Там он встречался с представителями Академии генерального штаба подполковником[305] Александром Сыромятниковым и генерал-майором Михаилом Иностранцевым. Те, в свою очередь, свели Коншина с ещё более высокопоставленными людьми — членами союзного дипломатического корпуса (читай с представителями иностранных спецслужб): французскими штаб-офицерами генералом Лавернье и полковником Корбейлем, а также генеральным консулом Великобритании в России Брюсом Локкартом. Все эти люди, — а ещё французский посол Жозеф Нуланс и небезызвестный политический авантюрист, а по совместительству английский шпион Сидней Рейли (урождённый одесский еврей Соломон Розенблюм, между прочим) стояли во главе широко разветвлённого так называемого «заговора послов» и организовали в 1918 г. целый ряд вооруженных выступлений против советской власти[306]. Попав в сферу деятельности такого рода мощных заговорщических структур, успешно «прикрывших» к тому времени уже не одно правительство и ввиду того что на карте стояли весьма крупные интересы очень серьёзных людей, сибирским подпольщикам больше не оставалось, что называется, пути назад. Таким образом, хочешь — не хочешь, а нужно было принимать теперь те правила игры, которые предлагал в создавшихся условиях более опытный, а самое главное — несравнимо более могущественный союзник.
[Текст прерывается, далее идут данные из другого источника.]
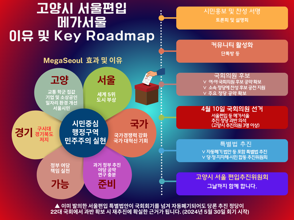 고양시는 이념, 진영, 여야를 떠나 서울편입이 선택이 아니라 필수였다. 뿐만 아니라 시민편의 중심의 행정구역 민주주의를 실현하는 일이다. 시민운동이 필요한 일이었다.
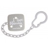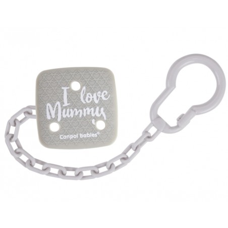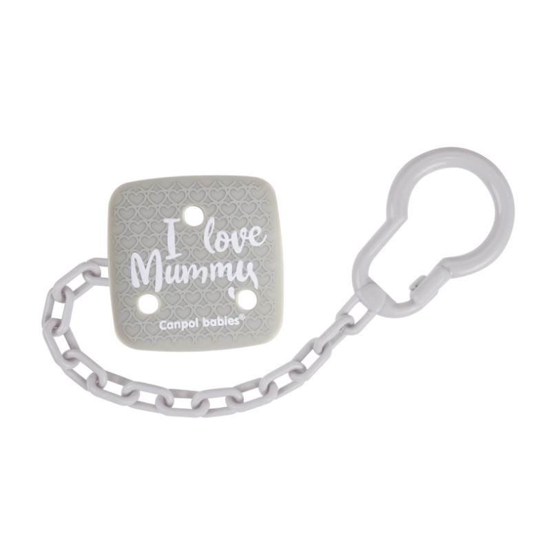 Łańcuszek I LOVE MUMMY zabezpieczy ulubiony smoczek do uspokajania dziecka przed upadkiem, zabrudzeniem lub zgubieniem. Nieskomplikowana konstrukcja umożliwia szybkie zapięcie łańcuszka jedną ręką.
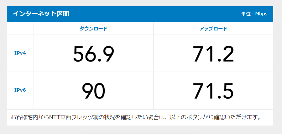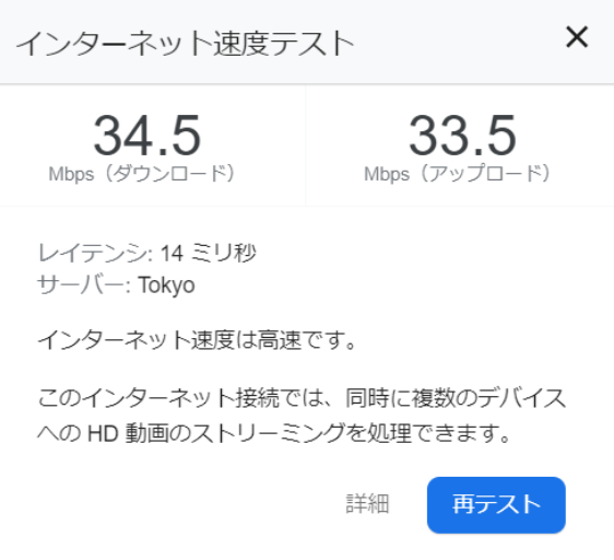 とりあえず原因が何なのかを探るとドコモ光が遅いということが分かりました。[スピードテスト]と検索すると出てくるインターネット回線速度計測ページをクリックして出てきた結果は以下の通りです。
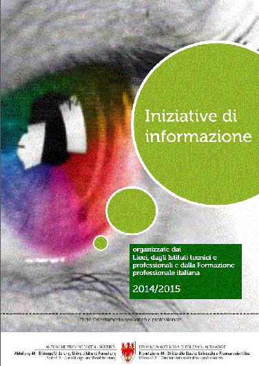 Un opuscolo, disponibile anche online, raccoglie tutte le Giornate delle porte aperte e i vari progetti informativi organizzati dai Licei, dagli Istituti tecnici e professionali e dalla Formazione professionale italiana per i ragazzi di terza media che entro il prossimo 31 marzo devono scegliere l'istituto superiore.

В инструкциях, которые капитан Коншин тогда получил на встрече с иностранными консультантами, сибирским нелегалам настоятельно рекомендовалось, прежде всего, в корне изменить всю систему руководства своим подпольным движением. Ввиду того что постоянно сомневавшиеся в правильности выбранного ими пути эсеры не могли, по мнению большинства заграничных специалистов по подрывной деятельности, обеспечить полномасштабное стратегическое управление готовившимся мятежом, а также из-за отсутствия у них практического опыта по тактическому планированию предстоящих военных операций, сибирским подпольным структурам было предписано в срочном порядке назначить на руководящие посты во всех относящихся к предстоящему делу нелегальных организациях профессиональных военных, желательно штаб-офицеров[307], оппозиционно настроенных к советской власти и имеющих богатый боевой опыт. Это, во-первых. А во-вторых, сибирским подпольщикам столь же настоятельно рекомендовалось как можно скорее наладить связь с командованием двигавшегося по Транссибирской железнодорожной магистрали в направлении на Владивосток Чехословацкого корпуса с целью совместного вооруженного выступления против большевиков.
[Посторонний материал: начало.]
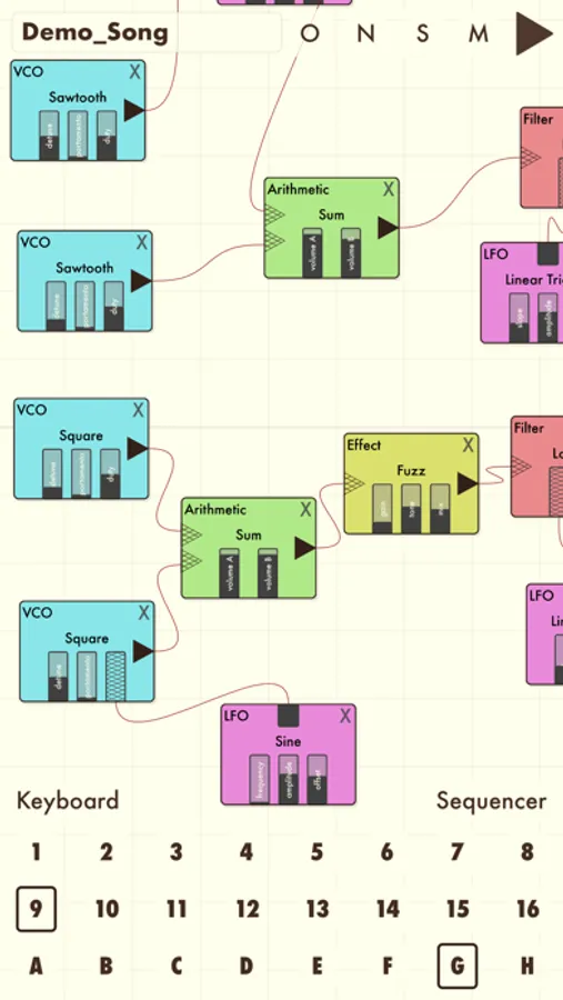 Making a new synthesizer is easy: just add modules with a double-tap and wire up your architecture by dragging between connectors. Available modules include:
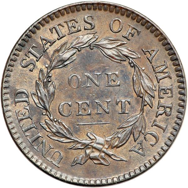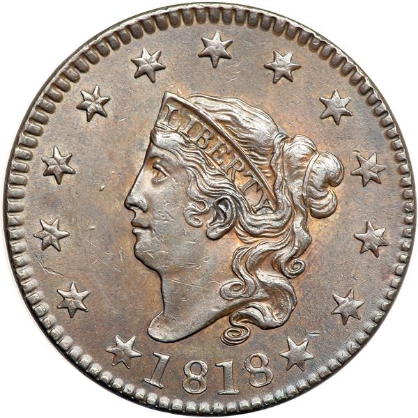 1818 Coronet Head Cent. PCGS graded MS-62 Brown. Glossy steel brown and chocolate with frosty golden light brown in the protected areas plus hints of very faded mint color on the obverse. The only marks are a few tiny ticks on the cheek and in the field off the chin. Sharply struck EDS+. A strong spike extends up from the top of the coronet and a few small lumps show in the field before the face. The reverse is rotated 70 degrees CCW. Called AU55 in the Bland census. Our grade is AU50. Pop 1; 1 in 63. DWH #0449 (PCGS # 36607) .
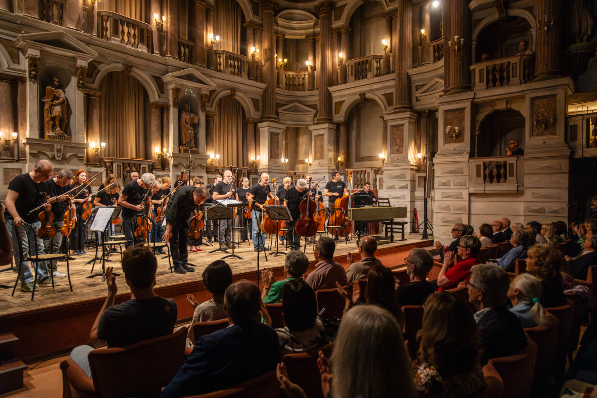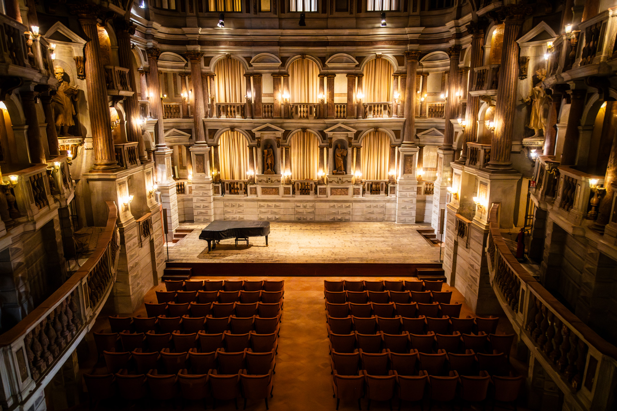 Il Teatro Scientifico Bibiena, in legno e stucchi, è molto diverso dai tradizionali teatri a gradinata rinascimentali, e si distingue per la sua pianta a campana e tre ordini di piccoli palchi a balconcino con colonne in stile dorico, ionico e corinzio. Il palcoscenico è chiuso da una scena fissa a forma di loggiato a due piani dove il pubblico può affacciarsi e assistere alle manifestazioni.

С такого рода инструкциями капитан Коншин где-то уже к концу апреля 1918 г. вернулся в Томск, и после чего в центральном военном штабе западносибирских подпольных организаций, а также во всех подконтрольных ему структурах началась перестройка практически всей системы управления согласно вновь утверждённому плану. Так, во главе центрального штаба встал теперь уже хорошо известный нам подполковник А.Н. Гришин-Алмазов. Сам же центральный штаб решили тогда же перенести из удалённого от Транссиба губернского Томска в уездный Новониколаевск, располагавшийся, во-первых, на главном пути железнодорожной магистрали; во-вторых, от Новониколаевска шла отдельная ветка на Барнаул; а в-третьих, этот город находился на берегу реки Обь и контролировал, таким образом вдобавок ко всему прочему ещё и крупнейшую водную артерию Западной Сибири. Ну и, наконец, в-четвёртых (вот сколько преимуществ сразу), на запасных путях железнодорожного вокзала Новониколаевска в вагонах-теплушках была временно расквартирована большая часть военнослужащих 7-го Татранского полка Чехословацкого корпуса. Данные факты в совокупности с новыми инструкциями, привезёнными из Москвы капитаном Коншиным, как раз и повлияли на то, чтобы штаб-квартиру центрального военного руководства Западной Сибири перенести из Томска, всеми признанного центра автономистского движения, в Новониколаевск[308].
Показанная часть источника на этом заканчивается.